Exercise data:
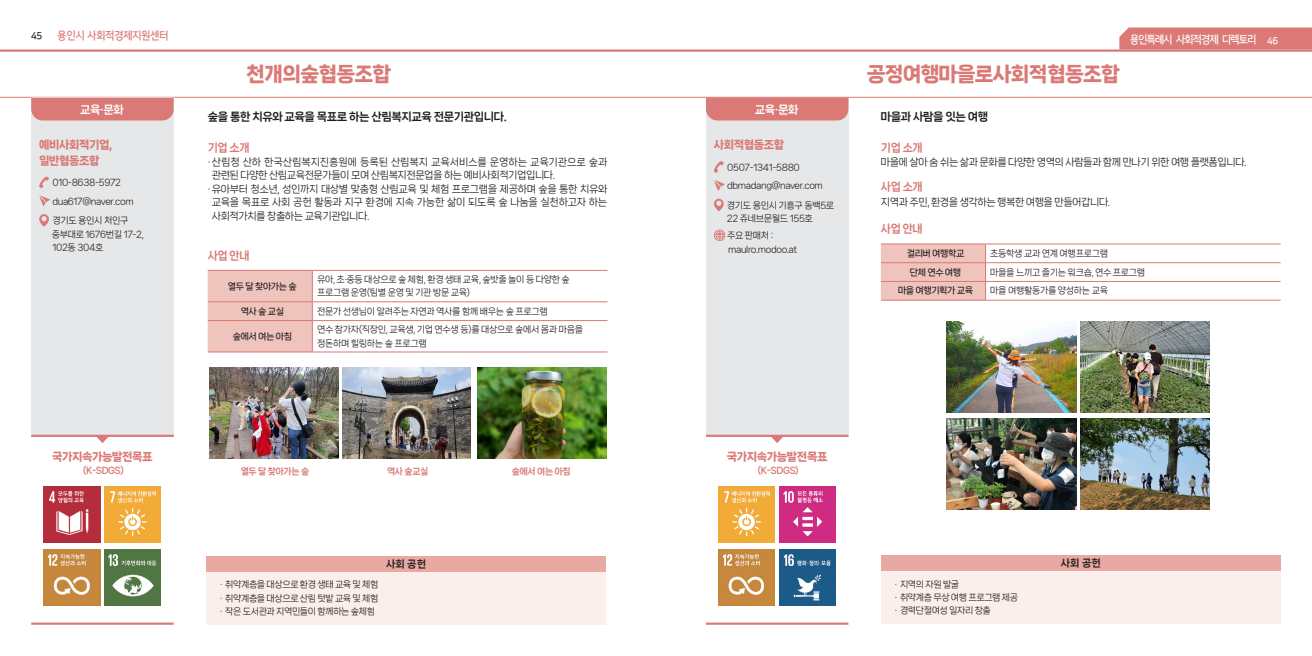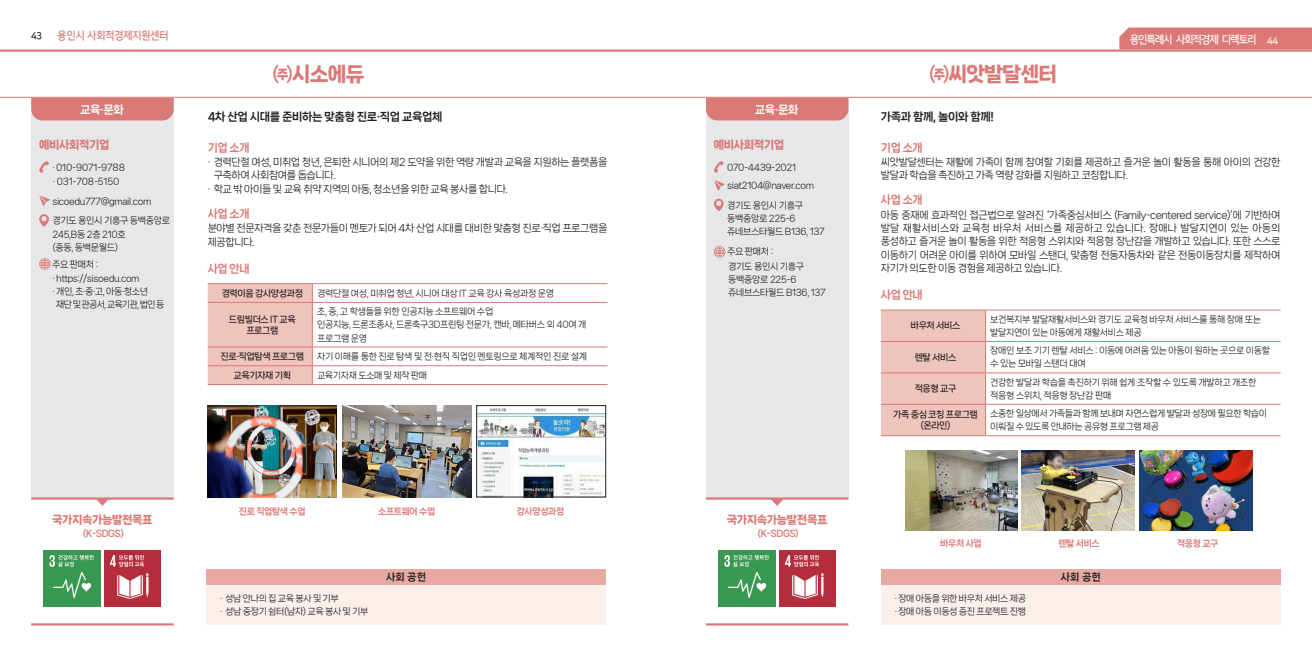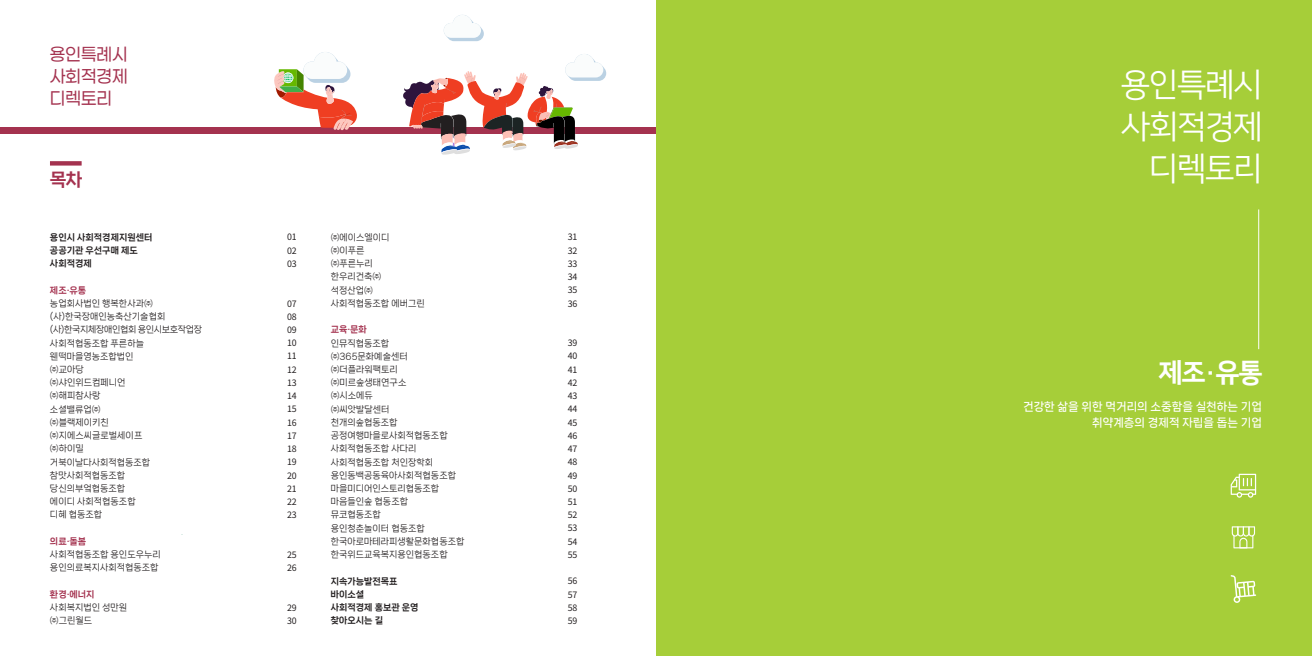 이번 디렉토리북에는 용인시 사회적경제기업 44개사의 제품/서비스 등을 소개하고 있습니다.
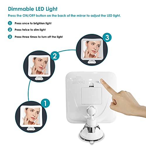 FASCINATE Espejo Maquillaje con Luz LED Aumento 10X Afeitado Aumento con Luz, Espejo Aumento LED Cosmético con Ampliación 10X y Poderoso Ventosa, Rotación 360°
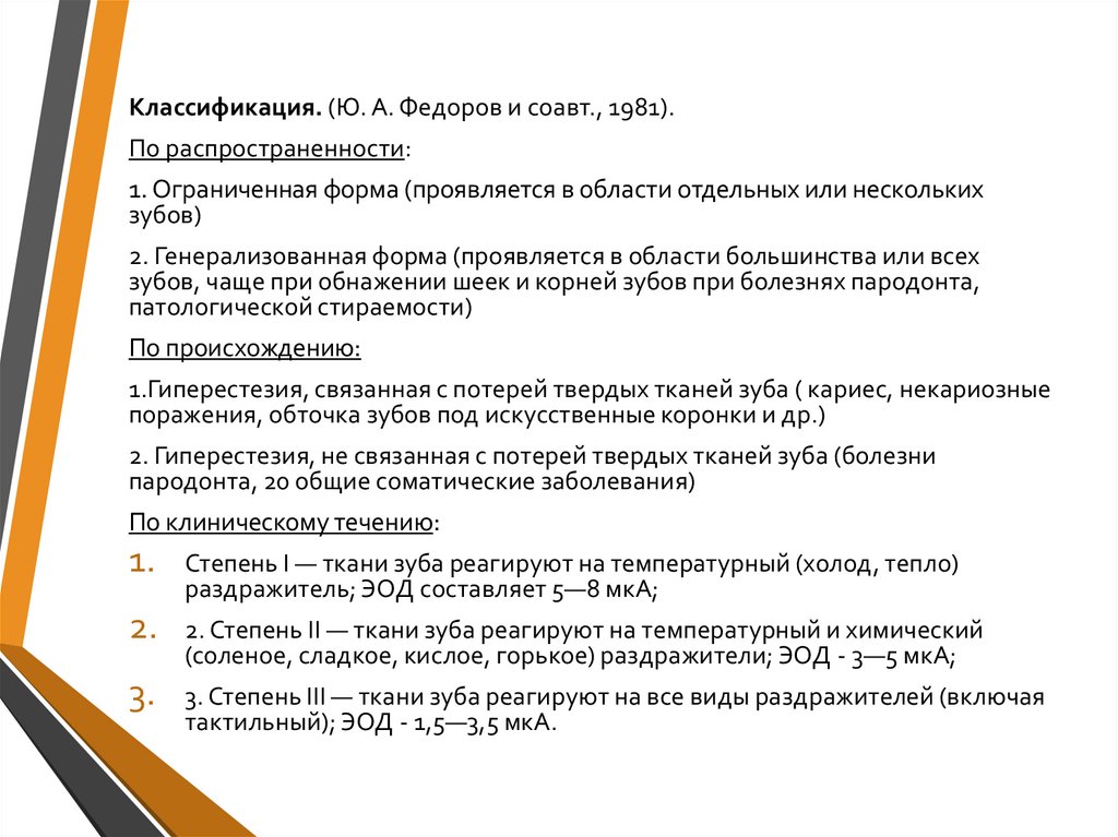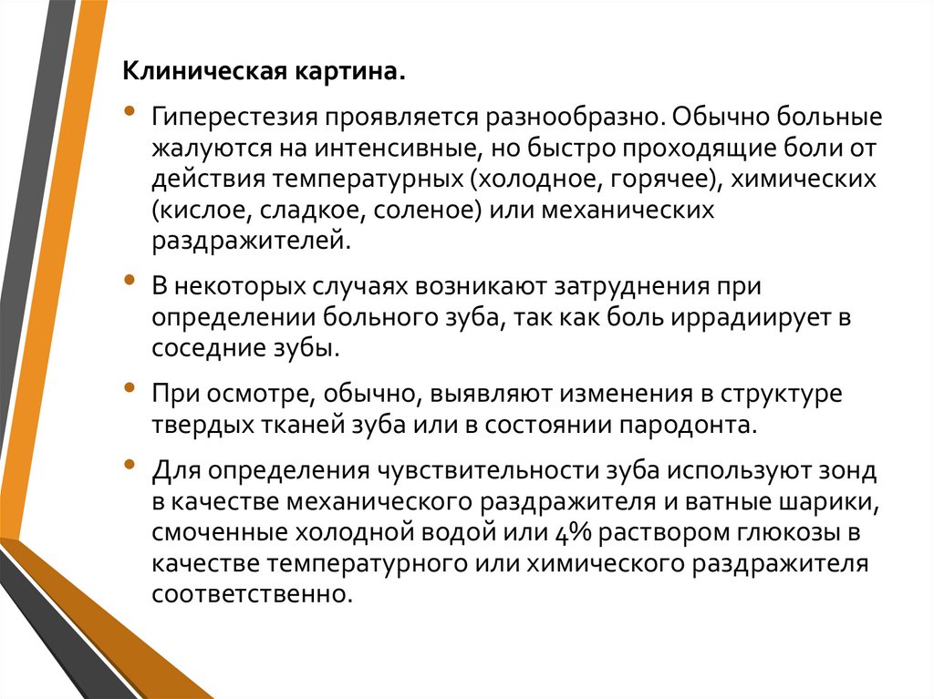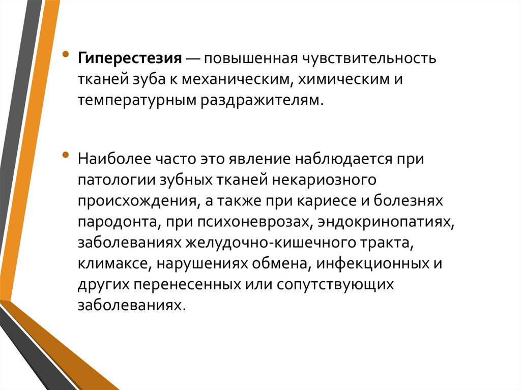 • Гиперестезия — повышенная чувствительностьтканей зуба к механическим, химическим и

Your goal:
Output the complete listing exactly as it appears, except for the images.

Task result:
 이번 디렉토리북에는 용인시 사회적경제기업 44개사의 제품/서비스 등을 소개하고 있습니다.
 FASCINATE Espejo Maquillaje con Luz LED Aumento 10X Afeitado Aumento con Luz, Espejo Aumento LED Cosmético con Ampliación 10X y Poderoso Ventosa, Rotación 360°
 • Гиперестезия — повышенная чувствительностьтканей зуба к механическим, химическим и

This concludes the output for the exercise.